A review by blueyorkie
Tempos Difíceis by Charles Dickens

4.0

John Ruskin declared Hard Times Dickens' best novel. It is worth asking why this was Ruskin's opinion since he would have been the first to recognize that comparing works of art with each other and discussing which is the best is a sportsman's habit, not a judge of enlightened art. Let us understand that Ruskin meant Hard Times was one of his favorites among Dickens's books. Was it a whim of taste? Or is there another rational explanation for the preference? I think so.

Excerpt from the Introduction to Hard Times, in 1911 by Bernard Shaw.
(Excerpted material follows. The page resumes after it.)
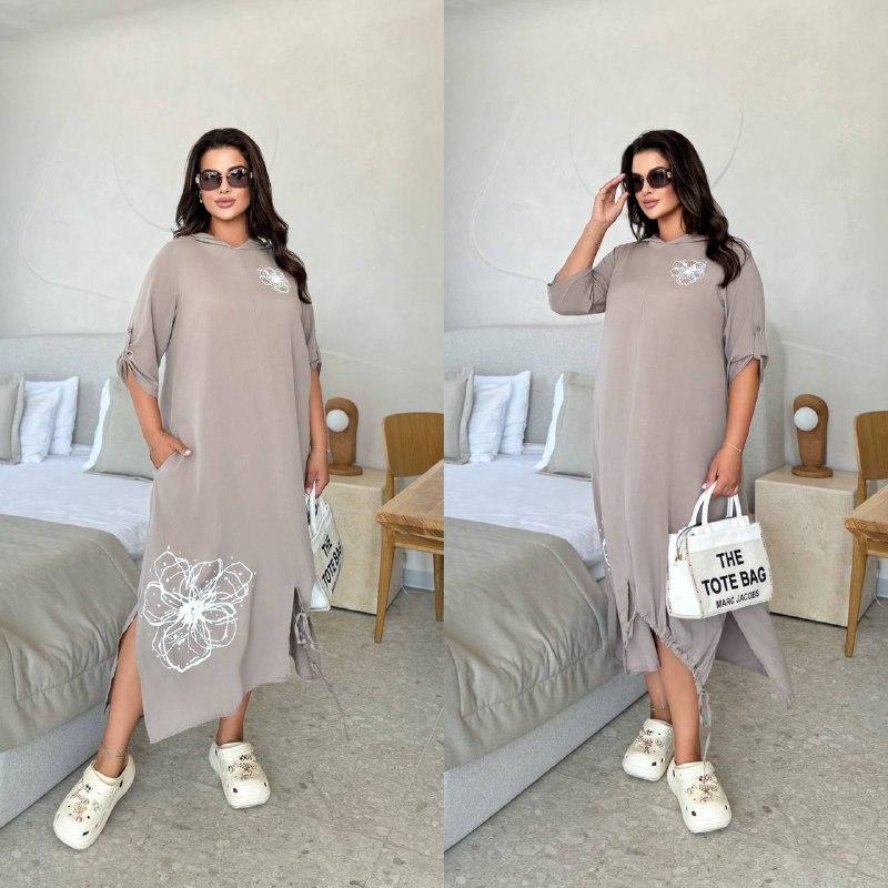 Ткань штапель Цвет черный, синий, фрезовый, бежевый Размер 48-50,52-54,56-58 Платье свободного кроя, с накатом, с капюшоном, с карманами. Рукав с патиком и рабочей пуговицей. Ассиметричный низ на кулиске. har

In this very committed novel, but also profoundly moving (from my point of view, in any case), Charles Dickens denounces, beyond the living conditions of the workers of the first mechanized spinning mills in the North of England, the Industrial Revolution in his outfit. This historical process was not content with modifying the landscapes, the scales, and the ways of living, thinking, and producing; it simply replaced them with others, without resemblances or standard measures with the landscapes, the scales, and the ways of living, thinking, and producing of the agricultural and artisanal age that preceded. In this way, the Industrial Revolution was a fundamental change of civilization. A shift in civilization of such brutality that the sky adopted another color, the earth no longer had the same consistency or the same relief, and the two no longer joined on the same line as before. Before that, the air changed its smell and density, and disoriented men and women experienced the most difficulty adapting to the furiously utilitarian, madly materialistic, hideously disfigured world they had created. In this respect, Difficult Times is undoubtedly among the first novels describing the Anthropocene.
These proletarians and these bourgeois who were born in the space of a handful of years were all individuals thrown into the unknown at the speed of throwing stones. Of course, they did not all land in the same place. Still, whatever their point of fall, all had been forced to conceive new ways of living or surviving in this new world; all had to reinvent themselves as human beings in this society dedicated to machinery, perpetual motion, and profitability; everyone had to find justifications or explanations for their existence as rich or poor. It is the stories of some of these men and women that Dickens tells us in this dark social novel, which, beyond its biting irony and its virulent criticism of a greedy, contemptuous bourgeoisie sure of its good right (but also of a working class that is too gullible and easily influenced), is also a plea in favor of imagination and fantasy.
It would seem that Hard Times was the subject, for various reasons, of numerous negative reviews, whether at the time of its publication or more recently. It is profoundly different from the author's previous great novels, if only because it is or seems more austere, more desperate, and we do not find as many truculent characters as usual, but I loved it. All the more adored because it could be that the questions he asks about the thirst for power, the taste for profit, economic alienation, or education have lost none of their relevance since 1854.